TASK DESCRIPTION – Scan the entries for the word "from", and copy every line where it appears.

DATASET –
━━━━━━━━━━━━━━━━━━━━━━━━━━━━━━

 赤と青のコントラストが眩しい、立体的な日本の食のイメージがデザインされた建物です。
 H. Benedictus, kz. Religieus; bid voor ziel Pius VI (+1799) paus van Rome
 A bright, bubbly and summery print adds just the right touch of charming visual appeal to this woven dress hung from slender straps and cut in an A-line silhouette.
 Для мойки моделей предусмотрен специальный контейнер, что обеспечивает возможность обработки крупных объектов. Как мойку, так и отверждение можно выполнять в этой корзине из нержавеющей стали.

━━━━━━━━━━━━━━━━━━━━━━━━━━━━━━

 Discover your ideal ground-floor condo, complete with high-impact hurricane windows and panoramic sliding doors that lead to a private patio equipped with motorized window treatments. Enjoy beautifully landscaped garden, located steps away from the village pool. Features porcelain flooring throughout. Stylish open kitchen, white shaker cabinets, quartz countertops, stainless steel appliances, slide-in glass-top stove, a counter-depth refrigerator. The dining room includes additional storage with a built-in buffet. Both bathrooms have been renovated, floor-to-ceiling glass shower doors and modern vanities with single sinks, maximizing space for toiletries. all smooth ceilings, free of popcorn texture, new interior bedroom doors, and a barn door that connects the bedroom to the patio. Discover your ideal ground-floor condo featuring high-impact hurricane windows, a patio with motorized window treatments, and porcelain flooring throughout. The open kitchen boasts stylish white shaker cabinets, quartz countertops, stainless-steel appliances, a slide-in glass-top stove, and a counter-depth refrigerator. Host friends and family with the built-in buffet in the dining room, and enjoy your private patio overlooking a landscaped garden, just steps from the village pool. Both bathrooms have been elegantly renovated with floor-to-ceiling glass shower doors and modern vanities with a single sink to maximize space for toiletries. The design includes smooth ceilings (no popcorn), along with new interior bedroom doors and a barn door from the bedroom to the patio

━━━━━━━━━━━━━━━━━━━━━━━━━━━━━━

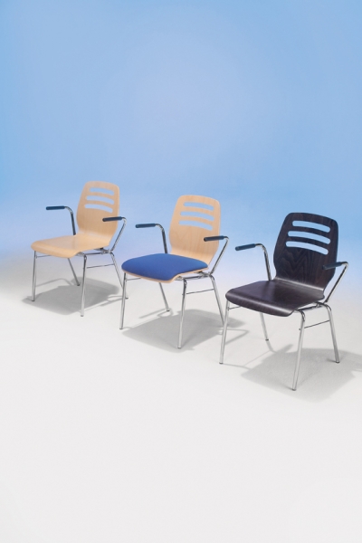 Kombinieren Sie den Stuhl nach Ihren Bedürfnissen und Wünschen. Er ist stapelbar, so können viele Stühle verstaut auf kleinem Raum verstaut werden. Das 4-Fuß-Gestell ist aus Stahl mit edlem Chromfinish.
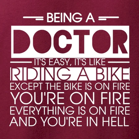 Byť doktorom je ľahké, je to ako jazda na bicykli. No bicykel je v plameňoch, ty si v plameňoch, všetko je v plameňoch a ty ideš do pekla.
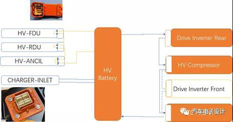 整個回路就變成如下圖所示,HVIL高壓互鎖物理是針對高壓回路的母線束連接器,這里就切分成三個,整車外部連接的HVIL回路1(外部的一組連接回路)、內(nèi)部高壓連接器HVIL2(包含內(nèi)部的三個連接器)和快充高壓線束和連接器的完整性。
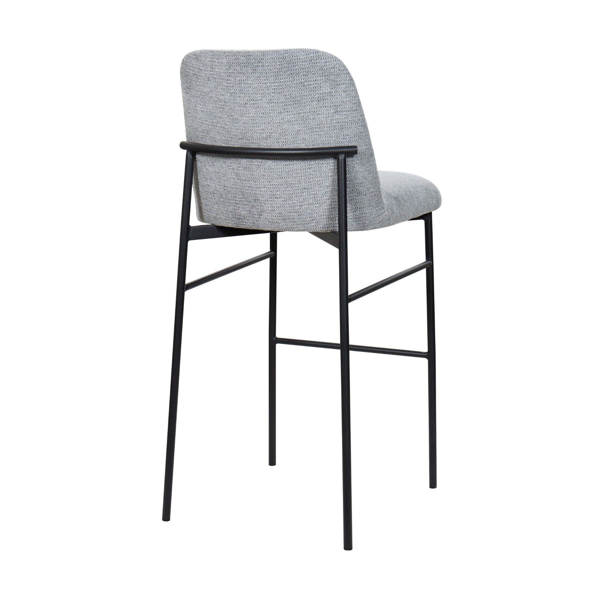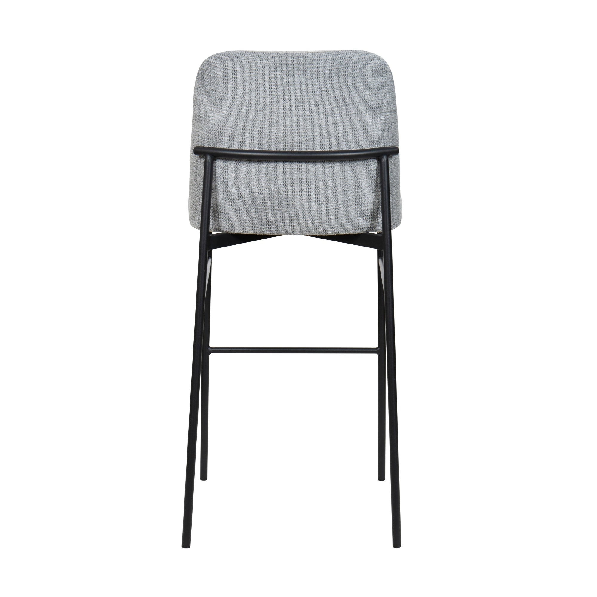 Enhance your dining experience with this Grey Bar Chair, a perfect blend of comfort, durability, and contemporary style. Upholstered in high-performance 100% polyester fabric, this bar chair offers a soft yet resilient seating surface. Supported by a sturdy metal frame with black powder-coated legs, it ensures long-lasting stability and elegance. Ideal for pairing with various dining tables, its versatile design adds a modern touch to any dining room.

━━━━━━━━━━━━━━━━━━━━━━━━━━━━━━

REPLY TO THE TASK –
 A bright, bubbly and summery print adds just the right touch of charming visual appeal to this woven dress hung from slender straps and cut in an A-line silhouette.
 Discover your ideal ground-floor condo, complete with high-impact hurricane windows and panoramic sliding doors that lead to a private patio equipped with motorized window treatments. Enjoy beautifully landscaped garden, located steps away from the village pool. Features porcelain flooring throughout. Stylish open kitchen, white shaker cabinets, quartz countertops, stainless steel appliances, slide-in glass-top stove, a counter-depth refrigerator. The dining room includes additional storage with a built-in buffet. Both bathrooms have been renovated, floor-to-ceiling glass shower doors and modern vanities with single sinks, maximizing space for toiletries. all smooth ceilings, free of popcorn texture, new interior bedroom doors, and a barn door that connects the bedroom to the patio. Discover your ideal ground-floor condo featuring high-impact hurricane windows, a patio with motorized window treatments, and porcelain flooring throughout. The open kitchen boasts stylish white shaker cabinets, quartz countertops, stainless-steel appliances, a slide-in glass-top stove, and a counter-depth refrigerator. Host friends and family with the built-in buffet in the dining room, and enjoy your private patio overlooking a landscaped garden, just steps from the village pool. Both bathrooms have been elegantly renovated with floor-to-ceiling glass shower doors and modern vanities with a single sink to maximize space for toiletries. The design includes smooth ceilings (no popcorn), along with new interior bedroom doors and a barn door from the bedroom to the patio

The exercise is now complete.